→ AIM OF THE TASK
A faithful copy of the entries, without any pictures, is what is needed here.

··· MATERIAL PROVIDED ···

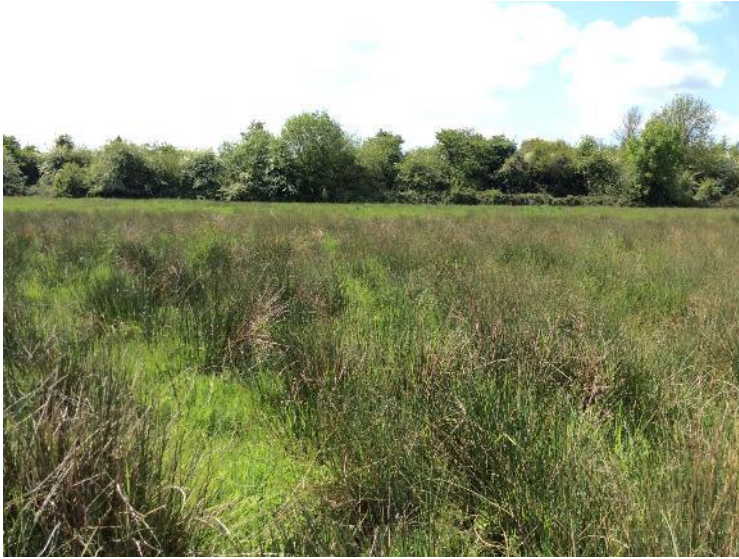
Plate 15: Proposed road to T6, looking W.
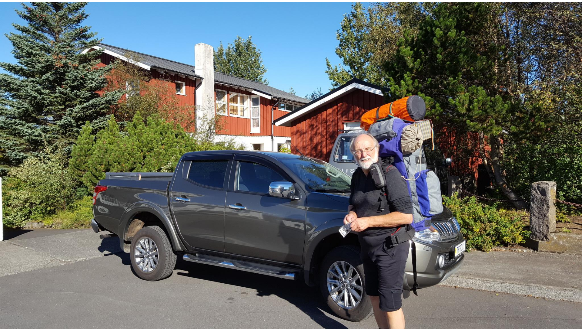
TF3DX setting out for Helgafell.
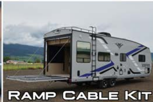
RAMP CABLE KIT
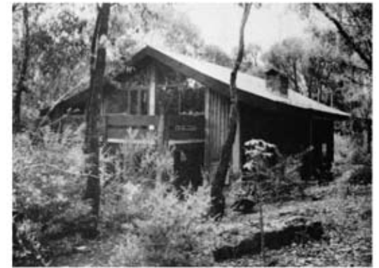
A Knox house at home in the bush.

Inside Back Childrens playhouse in the garden of an owner built home in Lilydale, Vic
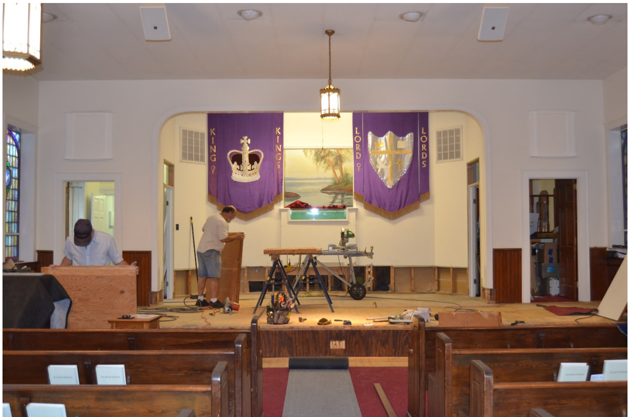
The choir and pulpit area during construction (picture taken April 30, 2013)

April 29, 2013, work began to remodel the sanctuary of the church beginning with the choir and pulpit area.
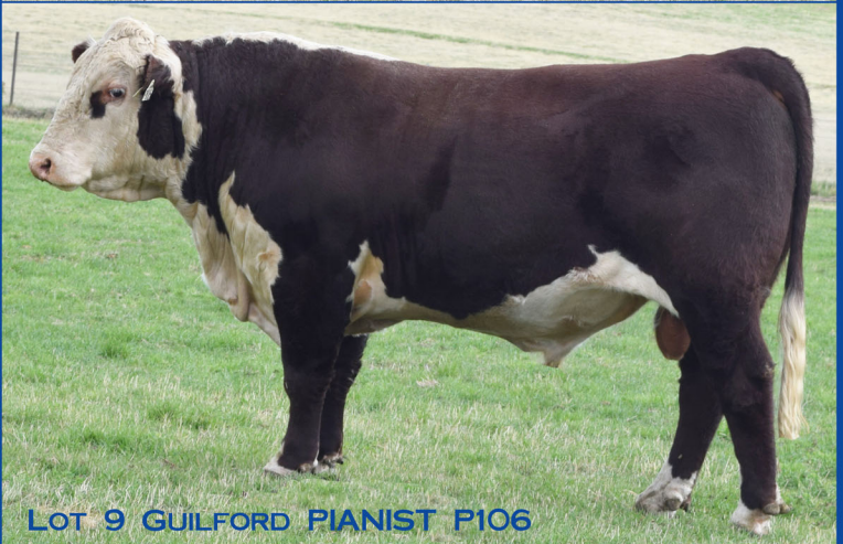
LOT 9 GUILFORD PIANIST P106
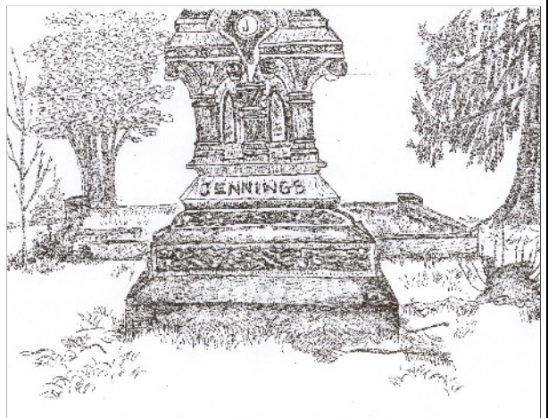
The Jennings Family Lot (Lot No. 177)
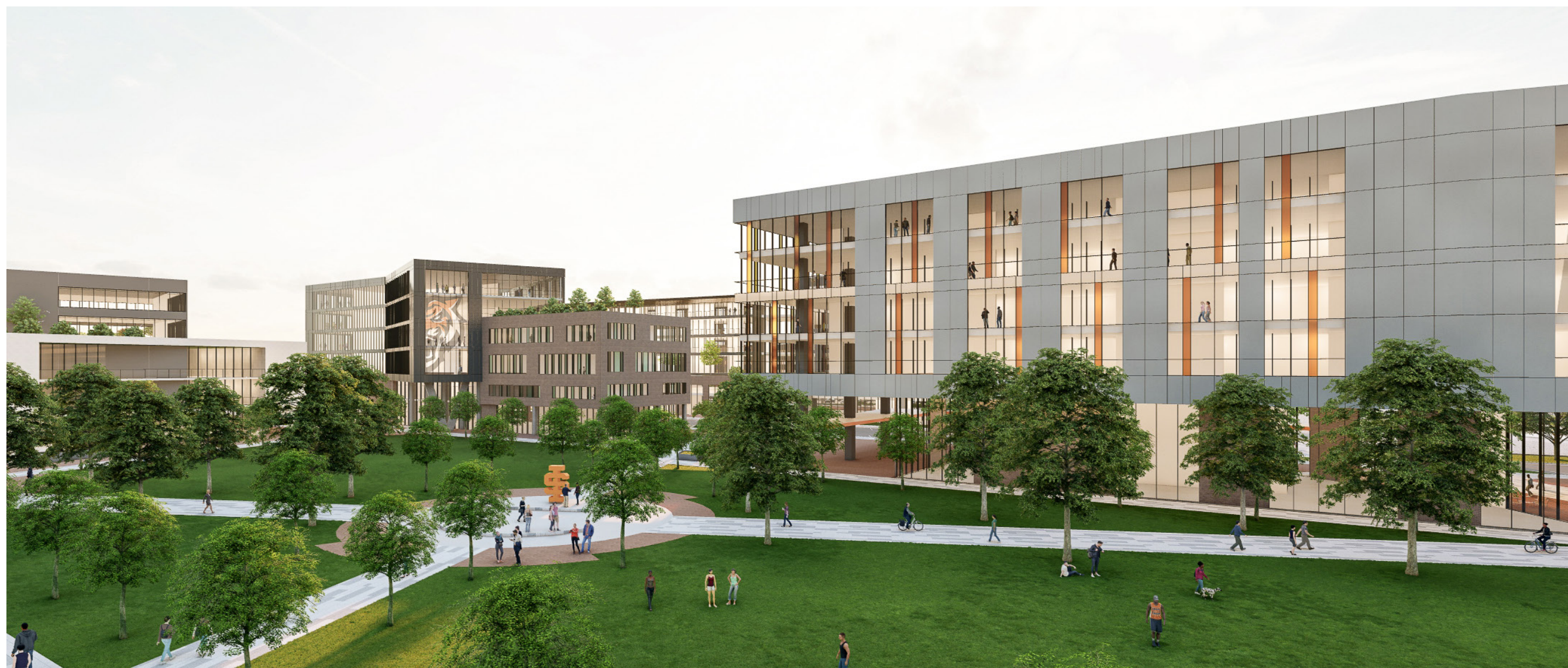
Looking South Towards Medical Education
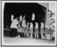
Photograph, 21 May 1950 (10a-c000450-d0064-001)
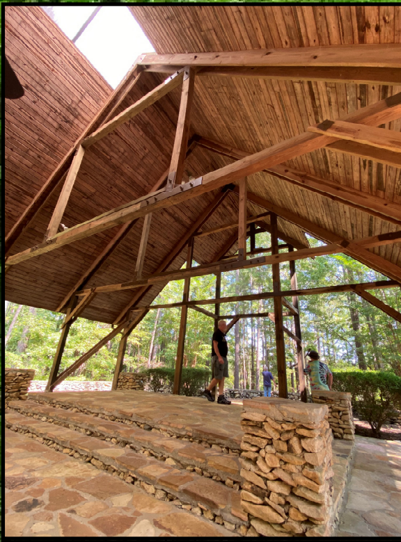
View of the Chapel.

···

→ TASK RESPONSE
Plate 15: Proposed road to T6, looking W.
TF3DX setting out for Helgafell.
RAMP CABLE KIT
A Knox house at home in the bush.

Inside Back Childrens playhouse in the garden of an owner built home in Lilydale, Vic
The choir and pulpit area during construction (picture taken April 30, 2013)

April 29, 2013, work began to remodel the sanctuary of the church beginning with the choir and pulpit area.
LOT 9 GUILFORD PIANIST P106
The Jennings Family Lot (Lot No. 177)
Looking South Towards Medical Education
Photograph, 21 May 1950 (10a-c000450-d0064-001)
View of the Chapel.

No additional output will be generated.